First, make a long data.frame containing variables 7:44.
```{r, eval = FALSE, echo = TRUE}
install.packages("tidyr")
library(tidyr)
df_plot <- df[7:44]
df_plot <- pivot_longer(df_plot, names(df_plot))
```
```{r, echo = FALSE}
library(tidyr)
df_plot <- df[7:44]
df_plot <- pivot_longer(df_plot, names(df_plot))
```
Next, we can plot the data - using `geom_histogram()`, `geom_density()` or `geom_boxplot()` as before. A new additional function allows us to make separate plots for each variable: `+ facet_wrap(~name, scales = "free_x")`.
<details>
<summary>Click for explanation</summary>
```{r, echo = TRUE}
library(ggplot2)
ggplot(df_plot, aes(x = value)) + geom_histogram() + facet_wrap(~name, scales = "free_x")
```
Notice the fact that you can see that the scales are actually categorical (because of the gaps between bars), and that most variables look relatively normally distributed despite being categorical. It's probably fine to treat them as continuous.
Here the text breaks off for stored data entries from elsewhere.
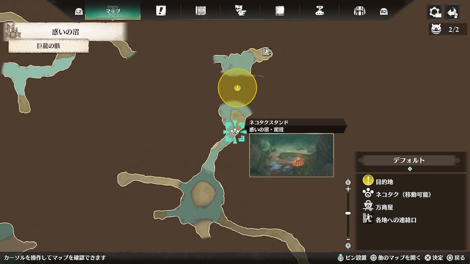 最寄りネコタクスタンドは迷いの沼・泥沼です。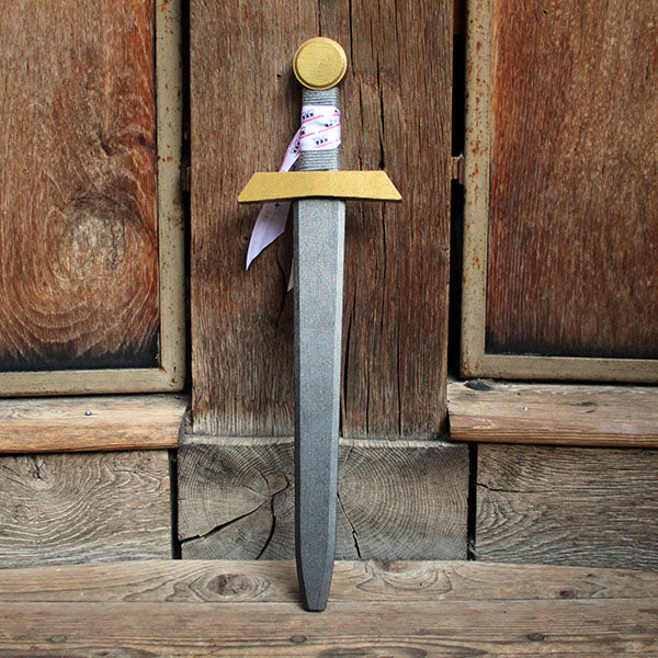 Made from sturdy beech wood with a painted silver blade and a handle wrapped in 100% braided cotton, this sword is made using traditional methods in the forest from which the wood was cut. The blade is stained silver and the handle gold. A perfect fit for little (or bigger... ahem) hands.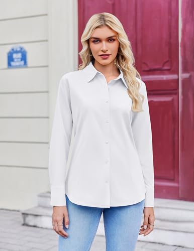 • Fabric: If you're looking for a trendy white button down shirt women that combines comfort, style, and practicality, these women's wrinkle free shirts are a fantastic choice. For women on the go, this feature is invaluable. No more stressing over ironing before meetings or after a long day—these stylish button down shirts for women stay smooth and polished, making them perfect for busy mornings and hectic schedules

`r if(knitr::is_html_output()){"\\details"}`
### Question 1.f
Check the scale descriptives table again. Are there any incorrectly coded missing value labels, or other inexplicable values?
### Question 1.g
The first step in re-analyzing data is replicating the results from the paper by
Kestilä. Run a Principal Component Analysis using `psych::principal()`, and
choose the exact same specification as Kestilä concerning estimation method,
rotation etc. Do two analyses: one for trust in politics, and one for attitudes towards immigration. Remember that you can view the help file for `psych::principal()` by running
`?psych::principal`.
*Hint: Use* `psych::principal()`
<details>
<summary>Click for explanation</summary>
#### Trust in politics
Kestilä extracted three components, with VARIMAX rotation. When we print the results, we can hide all factor loadings smaller than the smallest one in their table, to make it easier to read:
```{r, echo = TRUE}
library(psych)
pca_trust <- principal(df[, 7:19], nfactors = 3, rotate = "varimax")
print(pca_trust, cut = .3, digits =3)
```
For attitude towards immigration, Kestilä extracted five components, with VARIMAX rotation:
```{r, echo = TRUE}
library(psych)
pca_att <- principal(df[, 20:44], nfactors = 5, rotate = "varimax")
print(pca_att, cut = .3)
```
`r if(knitr::is_html_output()){"\\details"}`
### Question 1.h
<!-- Video here about extracting factor scores-->
Extract the PCA factor scores from the results objects, and add them to the data.frame. Give the PCA scores informative names, based on your interpretation of the factor loadings, so that you understand what they summarize.
*Hint: Use* `$; colnames(); cbind()`
<details>
<summary>Click for explanation</summary>
Extracting factor scores
The factor scores are inside of the results objects. Use the `$` operator to access them:
```{r, echo = TRUE}
head(pca_att$scores)
```
We're going to give these factor scores some informative names, and add them to our data.frame. **You should give them different, informative names based on the meaning of the factors!**
```{r, echo = TRUE}
# Print names
colnames(pca_att$scores)
# Change names
colnames(pca_att$scores) <- c("Att1", "Att2", "Att3", "Att4", "Att5")
colnames(pca_trust$scores) <- c("Trust1", "Trust2", "Trust3")
# Add columns
df <- cbind(df, pca_trust$scores, pca_att$scores)
```
`r if(knitr::is_html_output()){"\\details"}`
### Question 1.i
Are you able to replicate her results?
<details>
<summary>Click for explanation</summary>
No, probably not. The team of teachers was unable to reproduce this analysis, even though it should be pretty easy to do so...
`r if(knitr::is_html_output()){"\\details"}`
### Question 1.j
Save your syntax and bring your data and syntax to the practical on Thursday.